Автор книги: Анатолий Ананьев
сообщить о нарушении
Текущая страница: 49 (всего у книги 54 страниц)
Чем больше Наташа осваивалась со своей новой жизнью (со своим замужеством), тем яснее сознавала, что выбор, сделанный ею, был правильным и что счастье, о котором так часто спорят, в чем оно заключается, заключалось для нее теперь именно в этой новизне ее жизни. Она чувствовала, что она как будто из одного слоя общества была перенесена в другой, высший (в круг знакомых Арсения), и слой этот такое произвел на нее впечатление, что вся ее прошлая жизнь (как жили ее мать, отец и как она сама жила вместе с ними), та ее жизнь представлялась ей настолько мелкой и простонародной, что ей страшно иногда становилось оттого, что она могла бы так и остаться на том уровне родительских интересов, главным в которых было не то, что двигало жизнь теперь, а то, что было в прошлом, – война, болезненно помнившаяся еще в народе. Все знакомые отца – бывшие его однополчане – были людьми добрыми, и она ничего осудительного не могла сказать о них; но люди, с которыми Наташа встретилась на вечере у Лусо и вместе с которыми затем была в Большом театре, – люди эти были другими, были очаровательными, и она не могла без восторга думать и говорить о них. «Я так счастлива, так счастлива», – писала она матери после встречи и знакомства с ними; и точно так же, как она не могла сказать, из чего состояло это ее счастье, она не могла написать ничего конкретного, кроме этих общих фраз, выражавших ее настроение.

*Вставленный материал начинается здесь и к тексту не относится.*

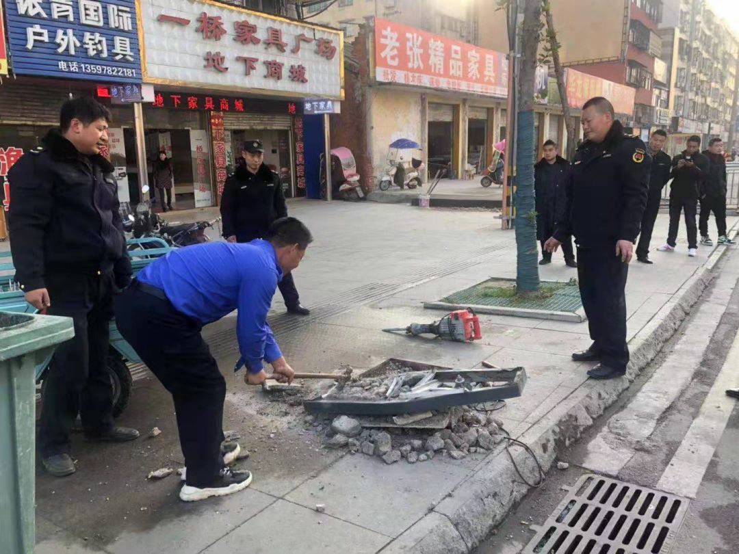 12月11日,南郊办事处联合城管执法人员,对在解放路瓜园社区段历史遗留废弃垃圾桶底座、违规路障进行清理。

Чтобы как-то развеять Арсения, она доставала билеты и уводила его в театр, совсем не представляя себе, что это не только не приносило мужу радости или удовлетворения, но, напротив, лишь усложняло ему жизнь. Ему надо было готовиться к лекциям и просматривать курсовые и дипломные работы студентов; надо было продолжать свою докторскую диссертацию, главы из которой были приняты к публикации в историческом журнале; надо было еще и еще делать разные дела по институту, на которые требовалось время; но времени этого у него не было теперь, и он, не желая хоть чем-либо огорчить молодую жену, не говорил ей о своих заботах и только думал, как ему выйти из этого положения. «Да уж получить бы квартиру, что ли», – мысленно повторял он, связывая с этим свои надежды на будущее.

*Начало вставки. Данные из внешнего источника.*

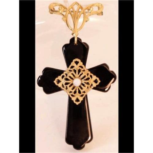 This is quite the elegant piece with a genuine opal center and larger onyx cross that hangs from an edwardian chatelaine watch brooch. The brooch has a really unusual locking clasp and is probably gold filled. The cross is so fabulous hanging from this because the black just enriches the golden color. The ornate filigree ornament in the center of this large cross is the nicest finishing touch! The length of both pieces together is 2 7/8" and it is 1 1/2" wide. Not sure if they are original to each other but they are in great condition and just so beautiful!!

В первые дни после отъезда Галины с сыном он еще был насторожен и опасался, что они вот-вот вернутся и произойдет что-то; но прошел месяц (и шел уже второй), а их все не было, и Арсений вдруг понял, что они у отчима в Поляновке и что вполне могут до осени пробыть там, и успокоился, подумав о Галине, что хоть в э т о м нашлось еще благородство в ней. «В конце концов я бы мог предложить ей размен, но я целиком оставляю ей свою квартиру», – решительно сказал он себе.
Но, кроме этих забот по институту и опасений, что с возвращением Галины и Юрия все же может произойти что-то, что отравит ему и Наташе жизнь, и кроме того приступа ревности, возникшего на вечере у Лусо и мучительно повторившегося затем в Большом театре, было еще одно обстоятельство, которое беспокоило Арсения. Он не мог забыть, как отец Наташи, отставной полковник Сергей Иванович, не поговорив с ним, не выслушав его, выгнал из дому, и хотя в конце концов главным для Арсения было то, что Наташа была с ним и что уже ничто не в силах было изменить это, но все же сознавать, что родители ее (отец, главное, отец!) не приняли его, было неприятно Арсению. Он понимал, что счастье Наташи, как бы ни утверждала она, что отец не прав и что пока он не признает это и не повинится, она не пойдет к нему, – счастье ее не могло быть полным; что после всех этих первых впечатлений ее замужней жизни наступит день, когда она вдруг остановится, посмотрит вокруг себя и вспомнит об отце; и тогда все покажется ей другим, и разрыв с отцом тяжелым укором ляжет ей на душу. «Как же я могу допустить это? Душа ее должна быть чиста!» – думал он, живо припоминая, как она плакала, придя с похорон бабушки, где она видела отца, но не подошла к нему и не заговорила с ним, и припоминая, как переживала, не пойдя (хотя он предлагал ей сделать это) на вокзал проводить уезжавших в Мокшу отца с матерью. Он видел и понимал это, и понимал, как важно ему помириться с ее родителями. Но как было сделать это, придумать не мог, и лишь с той же тревогой, как он ожидал возвращения Галины и Юрия, ожидал приезда в Москву и Наташиных родителей – Юлии и Сергея Ивановича.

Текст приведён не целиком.